# [Record excerpts]
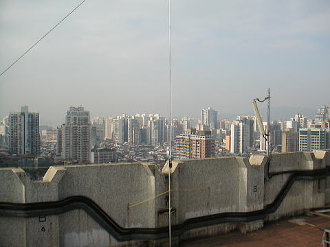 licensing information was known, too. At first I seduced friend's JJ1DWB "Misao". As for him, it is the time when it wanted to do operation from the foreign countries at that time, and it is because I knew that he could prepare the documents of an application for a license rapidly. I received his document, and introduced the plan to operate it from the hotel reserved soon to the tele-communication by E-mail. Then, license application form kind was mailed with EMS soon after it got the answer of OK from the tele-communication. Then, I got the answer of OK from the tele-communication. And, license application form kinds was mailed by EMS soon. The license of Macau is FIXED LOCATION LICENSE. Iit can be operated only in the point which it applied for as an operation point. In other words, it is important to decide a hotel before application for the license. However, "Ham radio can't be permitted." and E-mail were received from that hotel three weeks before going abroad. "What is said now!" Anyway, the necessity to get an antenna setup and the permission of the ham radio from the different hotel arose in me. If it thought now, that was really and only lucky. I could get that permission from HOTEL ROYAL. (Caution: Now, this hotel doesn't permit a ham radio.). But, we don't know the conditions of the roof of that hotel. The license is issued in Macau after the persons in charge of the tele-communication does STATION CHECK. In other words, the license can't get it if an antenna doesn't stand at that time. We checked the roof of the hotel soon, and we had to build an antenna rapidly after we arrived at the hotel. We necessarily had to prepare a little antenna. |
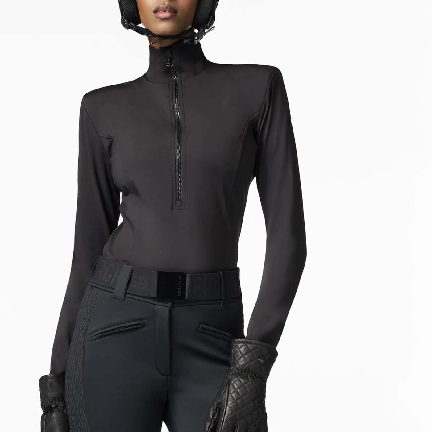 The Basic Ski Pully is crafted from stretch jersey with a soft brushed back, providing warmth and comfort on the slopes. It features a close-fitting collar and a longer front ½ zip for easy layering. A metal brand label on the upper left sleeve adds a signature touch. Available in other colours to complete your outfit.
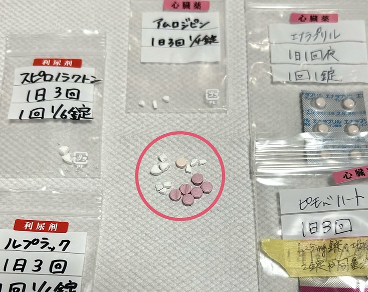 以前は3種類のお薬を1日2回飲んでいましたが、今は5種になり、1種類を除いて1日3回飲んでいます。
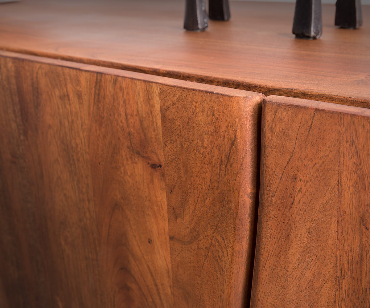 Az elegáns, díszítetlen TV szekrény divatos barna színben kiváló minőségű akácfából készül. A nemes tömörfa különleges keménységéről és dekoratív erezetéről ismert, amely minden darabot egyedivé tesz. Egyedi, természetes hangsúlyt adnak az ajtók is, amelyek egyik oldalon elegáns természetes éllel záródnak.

---

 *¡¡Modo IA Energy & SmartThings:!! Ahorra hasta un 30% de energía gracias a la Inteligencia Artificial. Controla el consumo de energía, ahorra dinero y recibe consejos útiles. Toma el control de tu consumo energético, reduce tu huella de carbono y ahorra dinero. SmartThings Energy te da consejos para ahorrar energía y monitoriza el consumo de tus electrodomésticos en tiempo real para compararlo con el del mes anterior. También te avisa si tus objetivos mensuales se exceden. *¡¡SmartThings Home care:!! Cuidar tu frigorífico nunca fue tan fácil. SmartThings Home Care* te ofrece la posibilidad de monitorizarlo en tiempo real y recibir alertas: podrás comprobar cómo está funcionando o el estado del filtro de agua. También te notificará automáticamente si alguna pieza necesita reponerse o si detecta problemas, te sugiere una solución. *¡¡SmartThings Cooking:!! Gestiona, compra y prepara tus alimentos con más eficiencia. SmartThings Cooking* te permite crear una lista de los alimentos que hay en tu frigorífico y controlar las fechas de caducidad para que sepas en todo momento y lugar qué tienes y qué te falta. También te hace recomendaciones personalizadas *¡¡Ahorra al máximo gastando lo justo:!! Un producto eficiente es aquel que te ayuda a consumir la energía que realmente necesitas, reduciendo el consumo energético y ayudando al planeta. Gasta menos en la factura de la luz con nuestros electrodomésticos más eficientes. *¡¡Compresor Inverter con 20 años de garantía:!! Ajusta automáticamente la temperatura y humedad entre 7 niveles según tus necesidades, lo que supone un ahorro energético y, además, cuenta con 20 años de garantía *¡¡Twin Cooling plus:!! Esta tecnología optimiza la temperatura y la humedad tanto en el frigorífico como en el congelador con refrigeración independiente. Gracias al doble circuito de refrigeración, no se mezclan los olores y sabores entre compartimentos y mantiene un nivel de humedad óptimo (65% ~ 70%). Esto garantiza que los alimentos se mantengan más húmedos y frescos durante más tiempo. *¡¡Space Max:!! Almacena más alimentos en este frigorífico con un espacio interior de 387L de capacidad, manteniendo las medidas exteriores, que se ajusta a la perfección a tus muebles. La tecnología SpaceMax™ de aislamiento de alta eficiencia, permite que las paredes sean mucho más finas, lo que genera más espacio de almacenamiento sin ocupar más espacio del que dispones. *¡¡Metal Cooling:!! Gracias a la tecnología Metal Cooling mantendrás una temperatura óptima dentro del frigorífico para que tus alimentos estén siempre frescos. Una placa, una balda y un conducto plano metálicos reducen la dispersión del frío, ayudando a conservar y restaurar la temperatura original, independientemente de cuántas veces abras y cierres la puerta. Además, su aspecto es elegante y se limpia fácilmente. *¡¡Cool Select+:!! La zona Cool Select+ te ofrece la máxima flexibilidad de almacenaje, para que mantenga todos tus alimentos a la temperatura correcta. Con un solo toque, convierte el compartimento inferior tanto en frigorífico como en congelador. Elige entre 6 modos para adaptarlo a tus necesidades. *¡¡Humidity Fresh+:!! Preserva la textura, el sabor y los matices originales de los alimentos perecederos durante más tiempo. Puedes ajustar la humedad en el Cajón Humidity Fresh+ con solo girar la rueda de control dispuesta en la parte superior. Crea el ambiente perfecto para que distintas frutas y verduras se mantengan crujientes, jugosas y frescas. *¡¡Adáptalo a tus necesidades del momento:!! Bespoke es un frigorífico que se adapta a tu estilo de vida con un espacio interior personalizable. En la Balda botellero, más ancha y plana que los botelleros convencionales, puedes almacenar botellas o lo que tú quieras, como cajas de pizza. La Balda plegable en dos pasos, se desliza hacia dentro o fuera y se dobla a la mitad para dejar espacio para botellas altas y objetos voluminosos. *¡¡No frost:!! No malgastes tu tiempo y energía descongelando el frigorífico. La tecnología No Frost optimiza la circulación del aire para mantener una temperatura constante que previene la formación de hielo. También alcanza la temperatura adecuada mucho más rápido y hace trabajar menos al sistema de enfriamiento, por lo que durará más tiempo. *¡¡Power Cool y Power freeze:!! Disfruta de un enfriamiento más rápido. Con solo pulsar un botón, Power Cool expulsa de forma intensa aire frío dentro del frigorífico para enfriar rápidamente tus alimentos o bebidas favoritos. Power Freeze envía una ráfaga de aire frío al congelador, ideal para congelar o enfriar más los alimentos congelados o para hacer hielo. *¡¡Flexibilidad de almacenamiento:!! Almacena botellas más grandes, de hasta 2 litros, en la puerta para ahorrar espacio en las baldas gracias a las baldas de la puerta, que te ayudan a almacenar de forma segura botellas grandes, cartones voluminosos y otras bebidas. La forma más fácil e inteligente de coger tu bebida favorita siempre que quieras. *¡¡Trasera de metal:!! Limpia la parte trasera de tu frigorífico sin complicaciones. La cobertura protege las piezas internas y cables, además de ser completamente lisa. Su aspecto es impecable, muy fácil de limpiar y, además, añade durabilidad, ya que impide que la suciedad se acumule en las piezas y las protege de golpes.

# [What you have to do]
Look above for the line with "licensing information was" and the line with "以前は3種類のお薬を1日2回", then copy exactly the lines from the first through the second, both kept, with no pictures.

# [Exercise answer]
 licensing information was known, too. At first I seduced friend's JJ1DWB "Misao". As for him, it is the time when it wanted to do operation from the foreign countries at that time, and it is because I knew that he could prepare the documents of an application for a license rapidly. I received his document, and introduced the plan to operate it from the hotel reserved soon to the tele-communication by E-mail. Then, license application form kind was mailed with EMS soon after it got the answer of OK from the tele-communication. Then, I got the answer of OK from the tele-communication. And, license application form kinds was mailed by EMS soon. The license of Macau is FIXED LOCATION LICENSE. Iit can be operated only in the point which it applied for as an operation point. In other words, it is important to decide a hotel before application for the license. However, "Ham radio can't be permitted." and E-mail were received from that hotel three weeks before going abroad. "What is said now!" Anyway, the necessity to get an antenna setup and the permission of the ham radio from the different hotel arose in me. If it thought now, that was really and only lucky. I could get that permission from HOTEL ROYAL. (Caution: Now, this hotel doesn't permit a ham radio.). But, we don't know the conditions of the roof of that hotel. The license is issued in Macau after the persons in charge of the tele-communication does STATION CHECK. In other words, the license can't get it if an antenna doesn't stand at that time. We checked the roof of the hotel soon, and we had to build an antenna rapidly after we arrived at the hotel. We necessarily had to prepare a little antenna. |
 The Basic Ski Pully is crafted from stretch jersey with a soft brushed back, providing warmth and comfort on the slopes. It features a close-fitting collar and a longer front ½ zip for easy layering. A metal brand label on the upper left sleeve adds a signature touch. Available in other colours to complete your outfit.
 以前は3種類のお薬を1日2回飲んでいましたが、今は5種になり、1種類を除いて1日3回飲んでいます。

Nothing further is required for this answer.